Seducido por la calidad y la hondura del relato, del que salí con esa extraña y contradictoria sensación en la que se mezclan el placer estético y la conciencia de nuestra miserable condición, fui enseguida leyendo los otros (en total son seis) sin sentirme defraudado en ningún momento. En cada uno de ellos pueden señalarse ingredientes específicos, como el humor y la impiedad de «Biyú», el neorrealismo crudo y familiar de «Un reflejo en la ventana, o diez mil grullas de papel», la tristeza crepuscular y mortecina de «Alfonsina», la rueda del tiempo y de la fortuna que gira irremisiblemente en «Acerca de mi matrimonio», o las circunstancias gauchas y ebrias de «La señorita de pueblo y el Martín Fierro», pero todos ellos dejan en el paladar el sabor de la amargura, todos comparten un fondo de melancolía verdaderamente abrumador. Hay una expresión ambigua, «estar de vuelta», que personalmente no me gusta, porque suele entenderse la mayor parte de las veces en una sola dirección, como una titulación que da derecho al pasotismo o como un ademán cosmopolita del cinismo. Pero hay otro sentido de la expresión que sí me gusta, a saber: «está de vuelta» quien ha comprendido que no hay esperanza posible, quien ha comprobado que las ilusiones no se cumplen jamás y quien, ante la severidad de esa estadística de la vida cotidiana, se ha resignado definitivamente a tan desoladora certidumbre. A este segundo modo de estar de vuelta responden todos los personajes de ‘Nuestro pequeño mundo’, que, si es «nuestro» por «pequeño», no por «pequeño» es menos ancho, real y verdadero.

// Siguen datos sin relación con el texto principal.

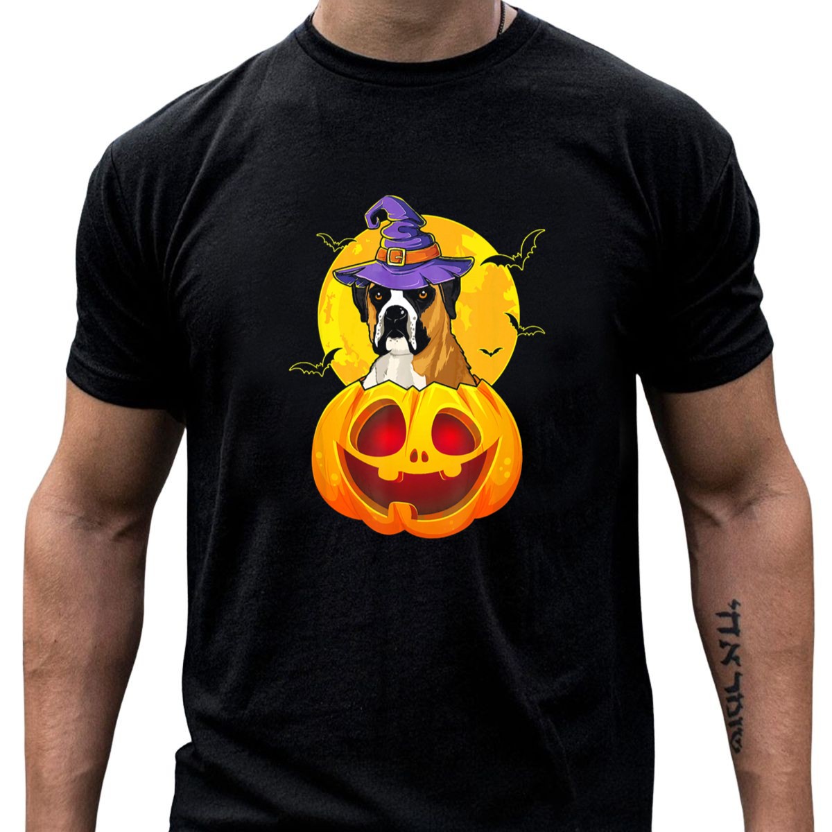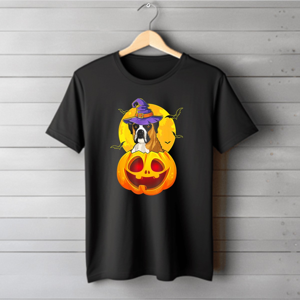 Be the first to review “Boxer Dog Witch Hat Halloween Jack O Lantern Full Moon Bats T-Shirt”
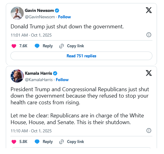 Cựu Phó Tổng thống Kamala Harris cũng lên tiếng: “Tổng thống Trump và Đảng Cộng hòa trong Quốc hội vừa đóng cửa Chính phủ vì họ từ chối ngăn chặn đà tăng của chi phí chăm sóc sức khỏe của người dân. Tôi muốn nói rõ: Đảng Cộng hòa đang kiểm soát Nhà Trắng, Hạ viện và Thượng viện. Việc đóng cửa là do họ”.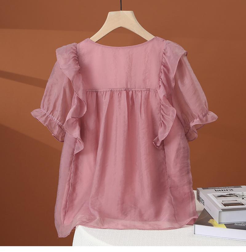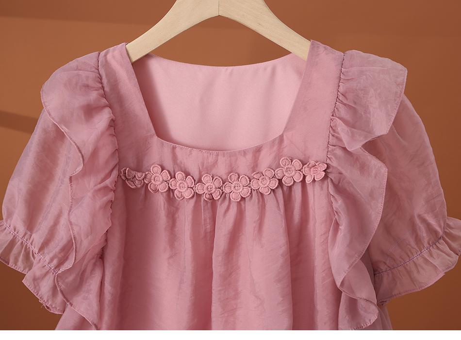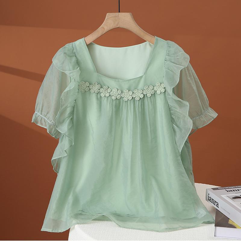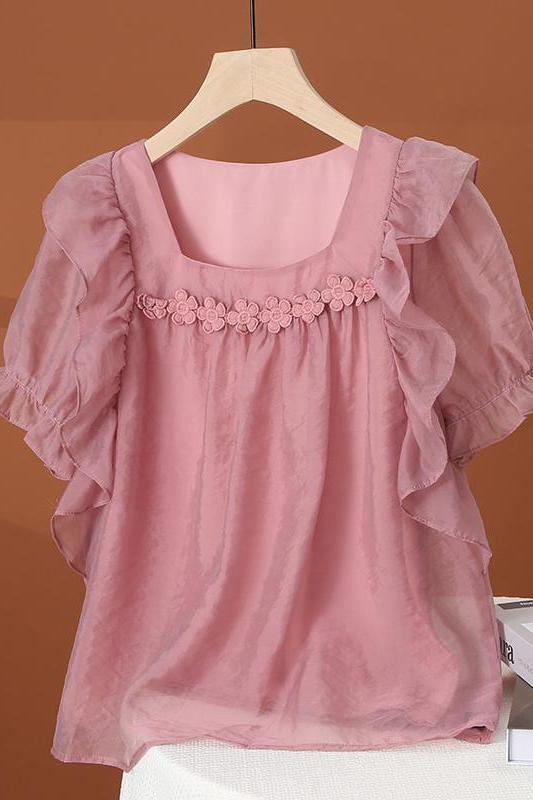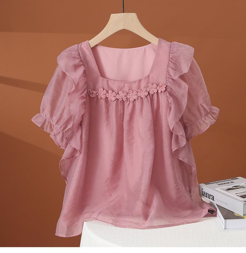 여름 스퀘어 넥 쉬폰 셔츠 여성 반팔 2024 새로운 패션 서양식 레이스 꽃

Así las cosas, mi propósito inmediato de lector es conseguir lo antes posible los relatos de ‘Un poco de orden’, e incluso los poemas de ‘Dedicatoria o despedida’ y ‘Toques de tránsito’, que son los títulos anteriores de César Martín Ortiz. La tarea no resultará fácil, porque este tipo de libros, lejanos, o de diputaciones, o de instituciones varias, suelen nacer ya condenados, se imprimen para dormir el sueño húmedo y oscuro de los sótanos o para fomentar la indolencia de los almacenes consistoriales, pero tendrá sentido y merecerá la pena. Estoy convencido de que César Martín Ortiz es un buen escritor y sé que sus escritos han de interesarme necesariamente. No es la primera vez que siento los efectos favorables de la afinidad estética.